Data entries
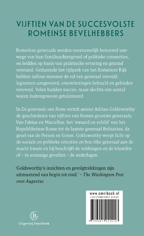 In ‘De generaals van Rome’ beschrijft de bekende historicus Adrian Goldsworthy de geschiedenis van vijftien van de succesvolste Romeinse bevelhebbers ooit, zoals Fabius en Marcellus, het ‘zwaard en schild’ van het Republikeinse Rome, en Belisarius, de gesel van de Persen en Goten.
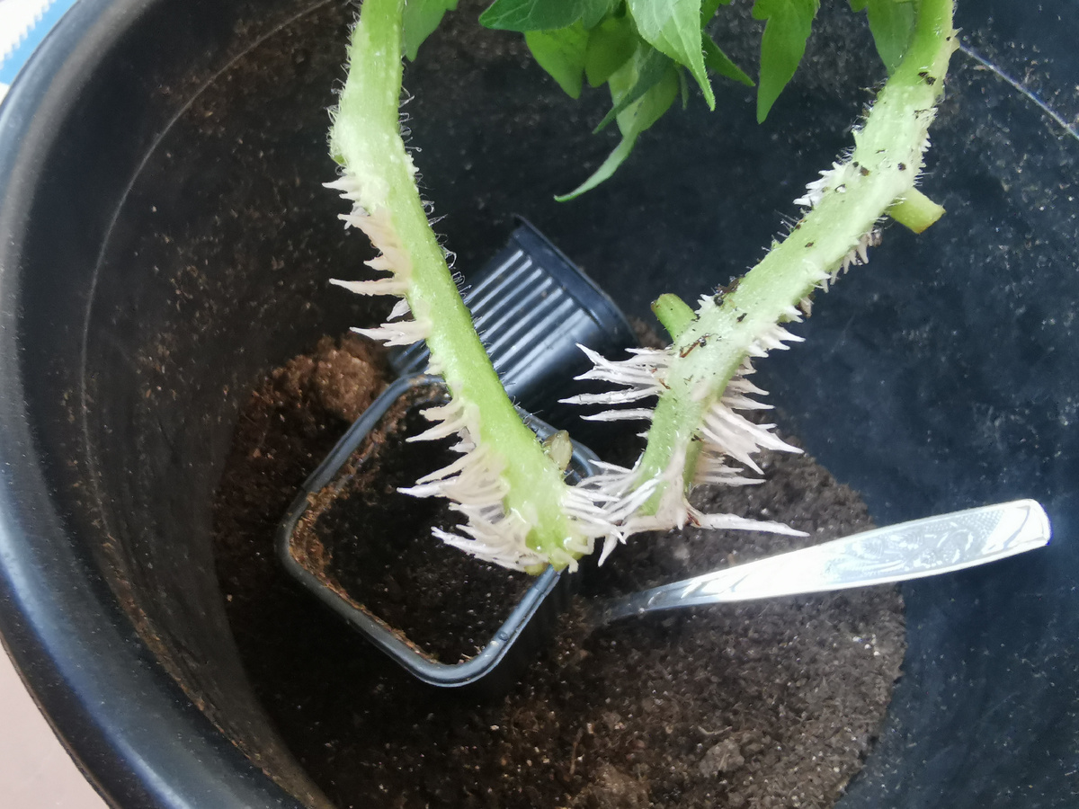 За 11 дней обрезанные верхушки нарастили щетину корней в воде и отправлены временно в небольшие горшочки.
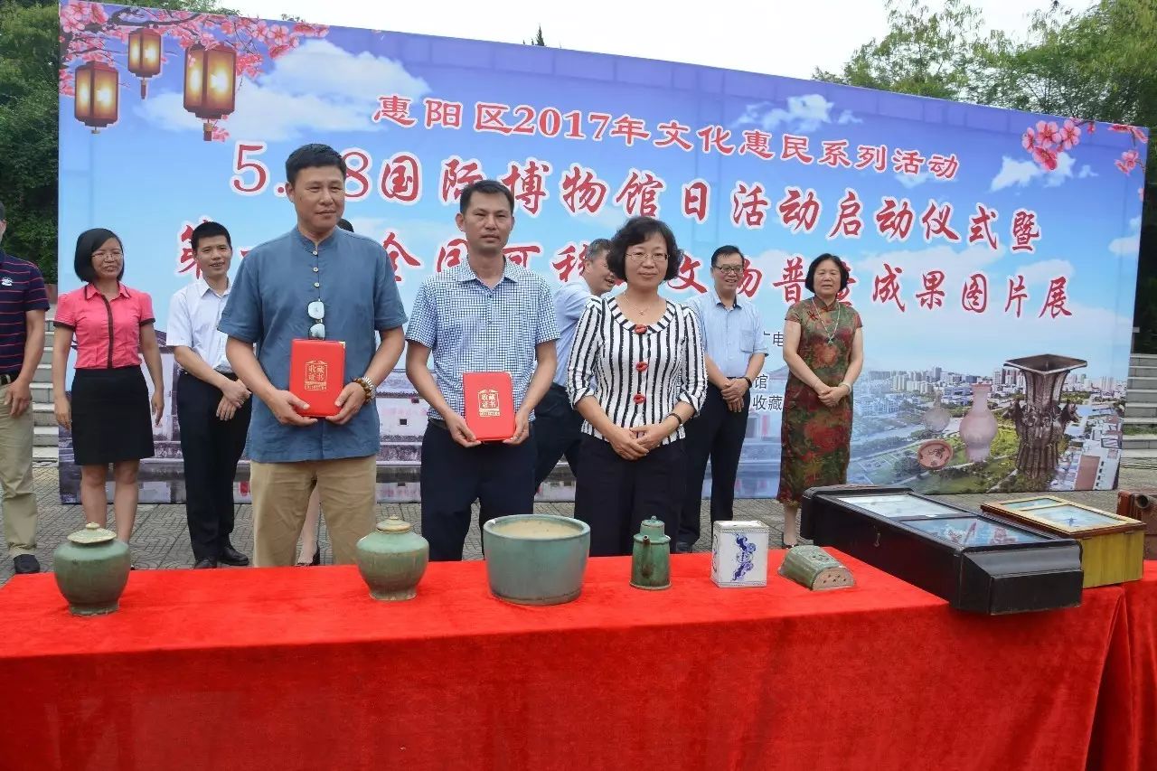 活动上,吴惠娇等15名热心市民向区博物馆捐赠了五十余件藏品。朱文转、黄雄等为这些热心市民颁发了收藏证书。随后,市民参观了我区“第一次全国可移动文物、不可移动文物普查”成果图片展。同时,广东省文物鉴定站专家许建林、赵敏、吴生道和惠州鹅城鉴宝专家李汉荣在现场为市民免费鉴宝。
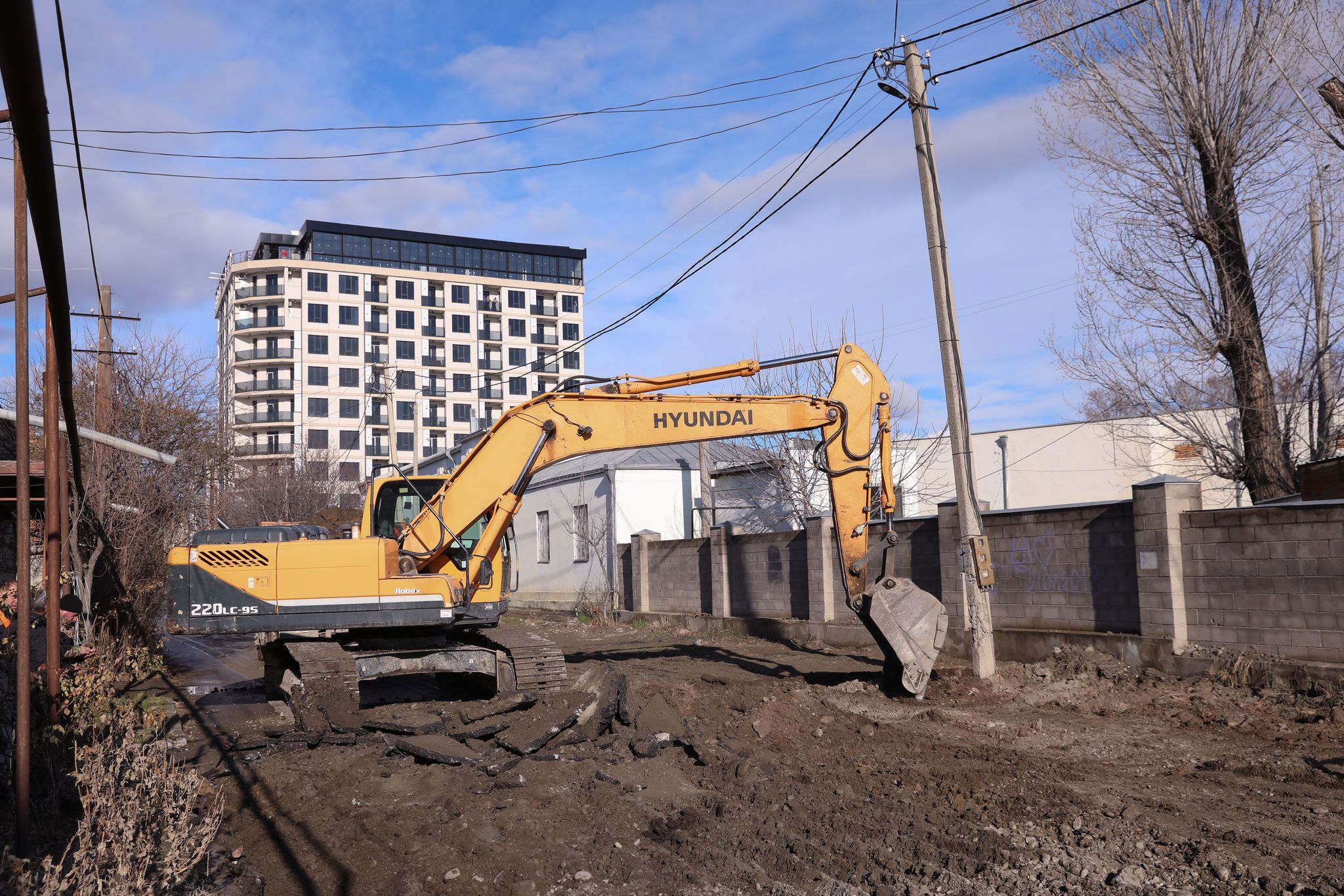 ქუჩაზე უკვე დაიგო ასფალტის საფარის პირველი პირი.
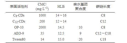 硅酸钠(模数2.51,50.1°Bé),聚氧乙烯型表面活性剂OP-10、AEO-9、Tween 80(AR)。5种不同表面活性剂的理化性质和化学结构式见表1。其中,CMC为表面活性剂在水中的临界胶束浓度,HLB为表面活性剂的亲水亲油平衡值。
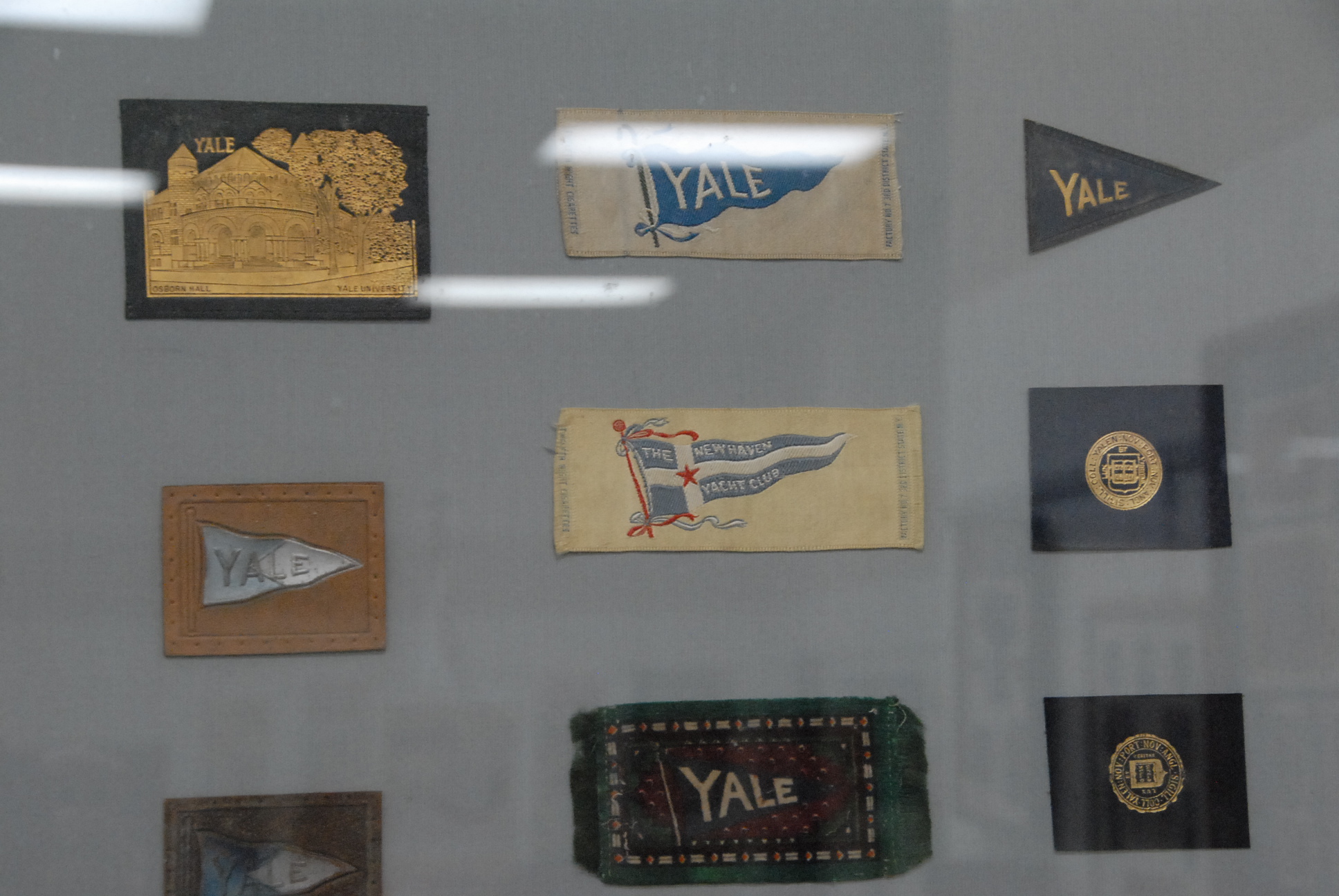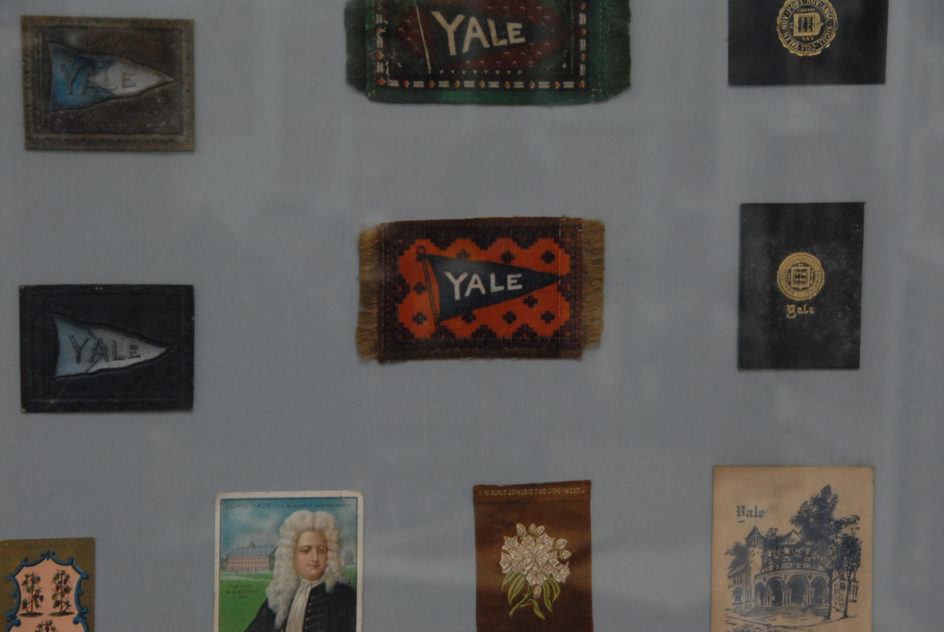 Collection of 16 tobacco silks and leathers 1900-1920 including two rare depictions of Osborne Hall, a portrait card of Elihu Yale, and New Haven Yacht Club banner, framed, 25 1/2 x 20.
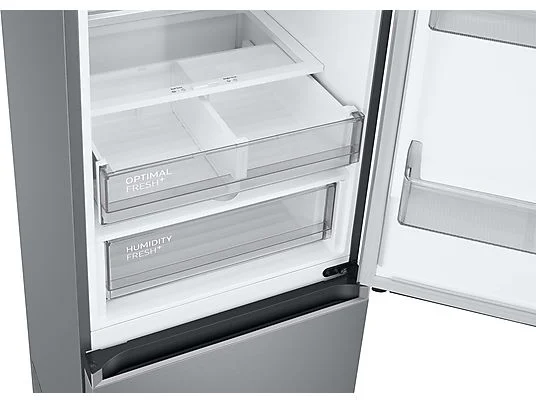 Die Optimal Fresh+ Schublade der SAMSUNG RL38C775CS9/EG Kühlgefrierkombination ermöglicht eine flexible Lagerung von Lebensmitteln. Sie ist in zwei Bereiche unterteilt, deren Temperatur individuell eingestellt werden kann. So kannst du beispielsweise Fleisch und Fisch bei einer niedrigeren Temperatur lagern, während Obst und Gemüse bei einer höheren Temperatur frisch bleiben. Ein Schieberegler ermöglicht die einfache Anpassung der Temperaturzonen. Diese Funktion hilft, die Frische und Qualität deiner Lebensmittel länger zu erhalten.
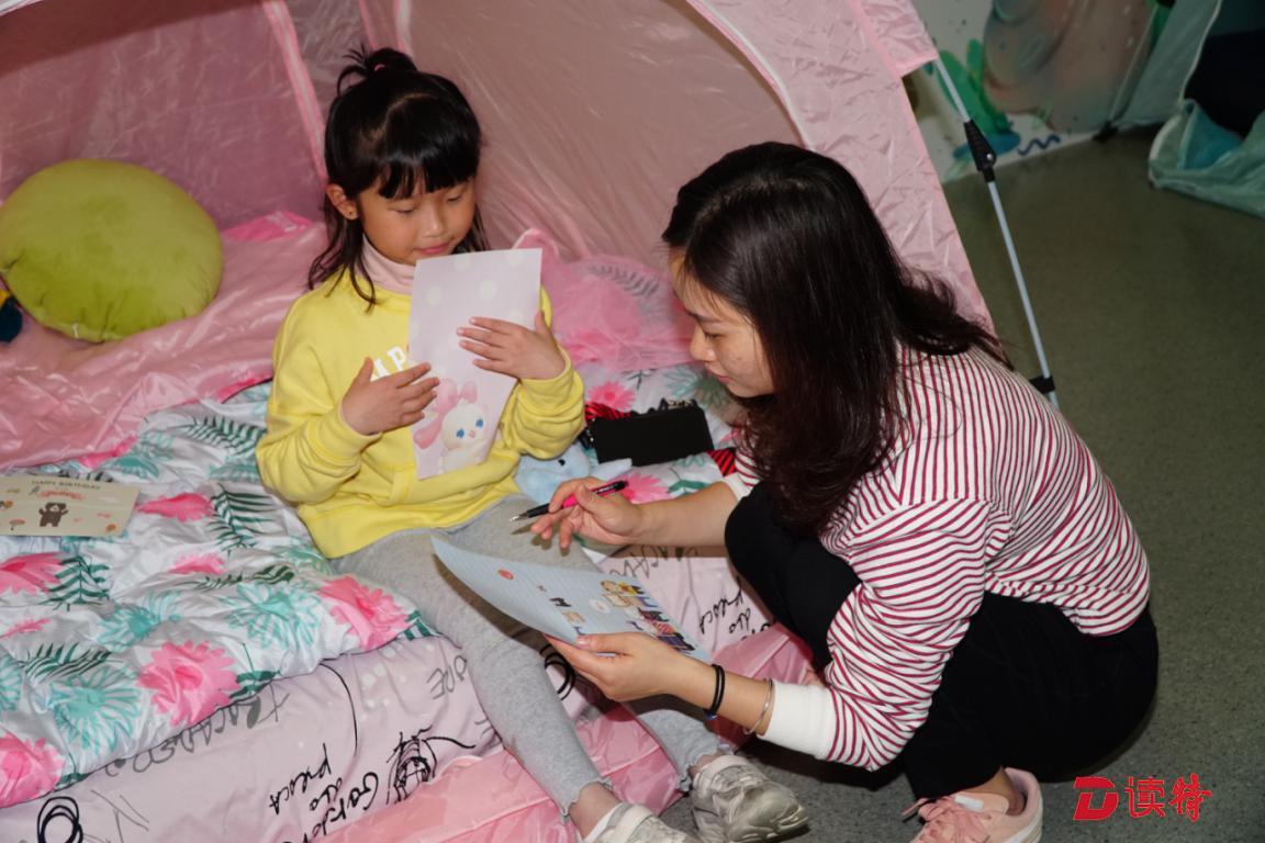 “寫給十年后的自己”媽媽指導(dǎo)女兒寫“夢想錦囊”的心愿。
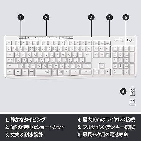 Thông tin sản phẩm Logitech MK295OW Wireless Mouse and Keyboard Set, Silent, Water Resistant, Wireless, USB Connection, Non-Unifying, Off-White, Domestic Genuine Product
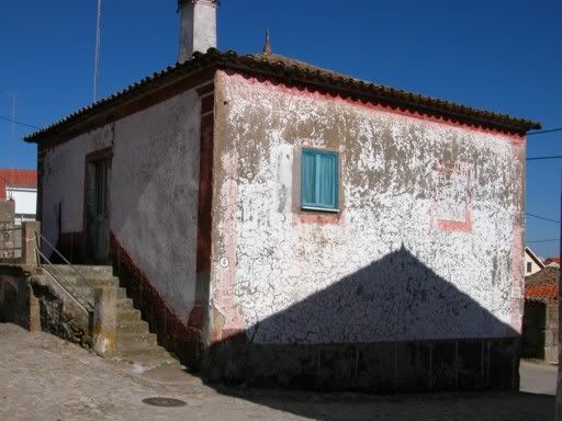 - Casa junto à Praça, no início da rua do Praça que segue para o largo da Fonte. Na fachada rebocada observamos partes de uma arquitectura “fingida”. A outra fachada já foi picada ficando a pedra a amostra.
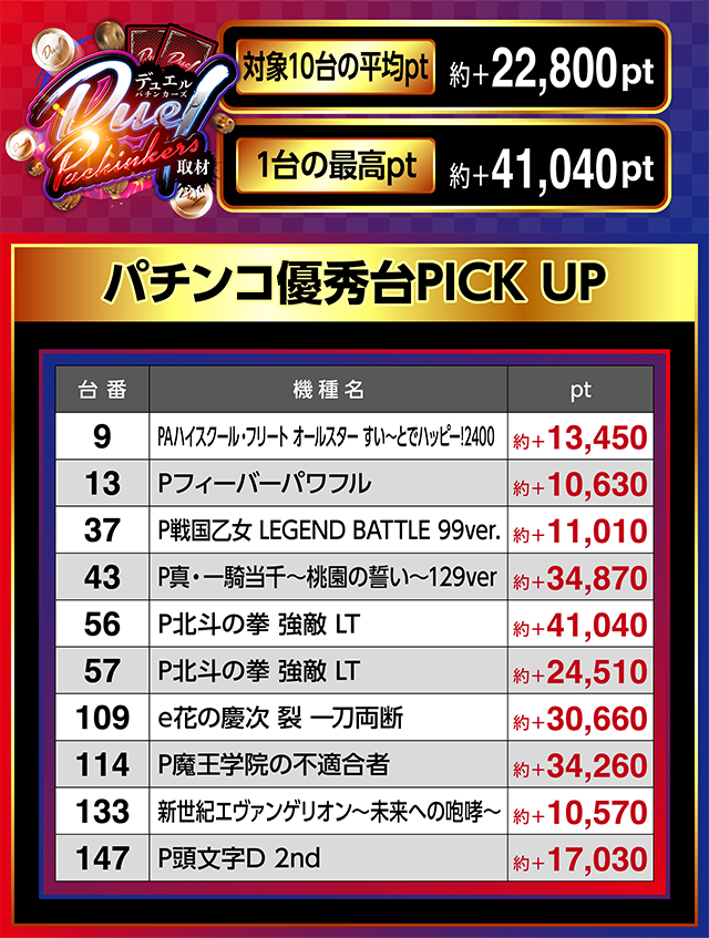 56番台の「P北斗の拳 強敵 LT」が約+41,000ptオーバー!!
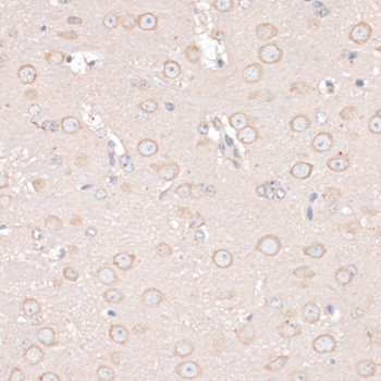 Immunohistochemistry of paraffin-embedded rat brain using ABCF2 antibody.
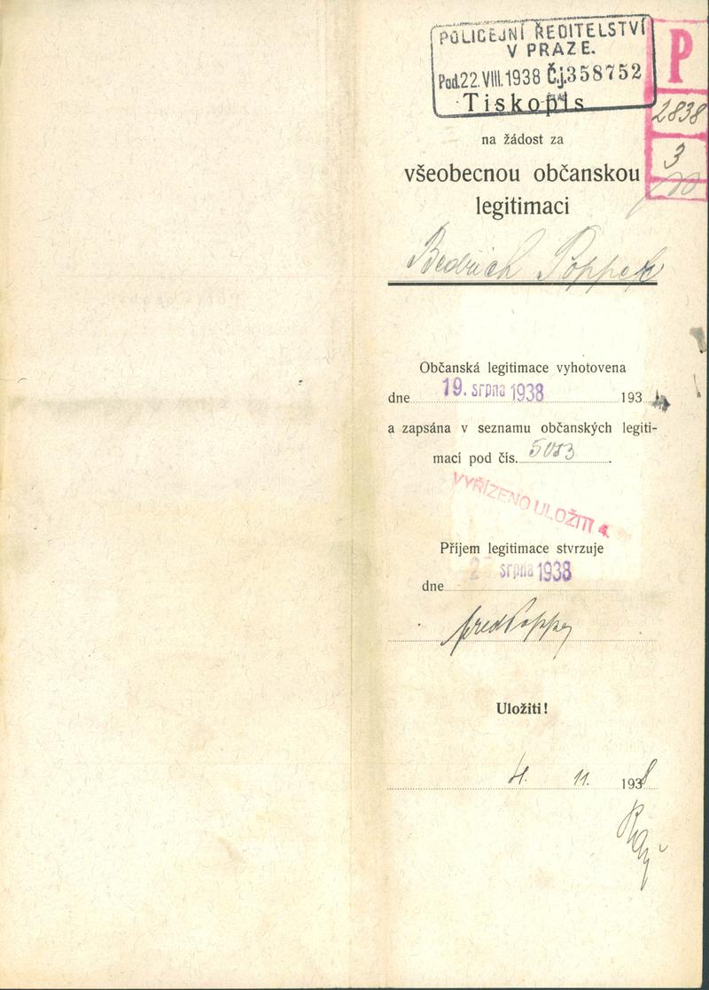 Národní archiv Praha > Policejní ředitelství v Praze > 1931-1940 > P > Popper Bedřich

### Problem requirements
The output should consist of the records above, reproduced exactly, without pictures.

### Finished exercise
 In ‘De generaals van Rome’ beschrijft de bekende historicus Adrian Goldsworthy de geschiedenis van vijftien van de succesvolste Romeinse bevelhebbers ooit, zoals Fabius en Marcellus, het ‘zwaard en schild’ van het Republikeinse Rome, en Belisarius, de gesel van de Persen en Goten.
 За 11 дней обрезанные верхушки нарастили щетину корней в воде и отправлены временно в небольшие горшочки.
 活动上,吴惠娇等15名热心市民向区博物馆捐赠了五十余件藏品。朱文转、黄雄等为这些热心市民颁发了收藏证书。随后,市民参观了我区“第一次全国可移动文物、不可移动文物普查”成果图片展。同时,广东省文物鉴定站专家许建林、赵敏、吴生道和惠州鹅城鉴宝专家李汉荣在现场为市民免费鉴宝。
 ქუჩაზე უკვე დაიგო ასფალტის საფარის პირველი პირი.
 硅酸钠(模数2.51,50.1°Bé),聚氧乙烯型表面活性剂OP-10、AEO-9、Tween 80(AR)。5种不同表面活性剂的理化性质和化学结构式见表1。其中,CMC为表面活性剂在水中的临界胶束浓度,HLB为表面活性剂的亲水亲油平衡值。
 Collection of 16 tobacco silks and leathers 1900-1920 including two rare depictions of Osborne Hall, a portrait card of Elihu Yale, and New Haven Yacht Club banner, framed, 25 1/2 x 20.
 Die Optimal Fresh+ Schublade der SAMSUNG RL38C775CS9/EG Kühlgefrierkombination ermöglicht eine flexible Lagerung von Lebensmitteln. Sie ist in zwei Bereiche unterteilt, deren Temperatur individuell eingestellt werden kann. So kannst du beispielsweise Fleisch und Fisch bei einer niedrigeren Temperatur lagern, während Obst und Gemüse bei einer höheren Temperatur frisch bleiben. Ein Schieberegler ermöglicht die einfache Anpassung der Temperaturzonen. Diese Funktion hilft, die Frische und Qualität deiner Lebensmittel länger zu erhalten.
 “寫給十年后的自己”媽媽指導(dǎo)女兒寫“夢想錦囊”的心愿。
 Thông tin sản phẩm Logitech MK295OW Wireless Mouse and Keyboard Set, Silent, Water Resistant, Wireless, USB Connection, Non-Unifying, Off-White, Domestic Genuine Product
 - Casa junto à Praça, no início da rua do Praça que segue para o largo da Fonte. Na fachada rebocada observamos partes de uma arquitectura “fingida”. A outra fachada já foi picada ficando a pedra a amostra.
 56番台の「P北斗の拳 強敵 LT」が約+41,000ptオーバー!!
 Immunohistochemistry of paraffin-embedded rat brain using ABCF2 antibody.
 Národní archiv Praha > Policejní ředitelství v Praze > 1931-1940 > P > Popper Bedřich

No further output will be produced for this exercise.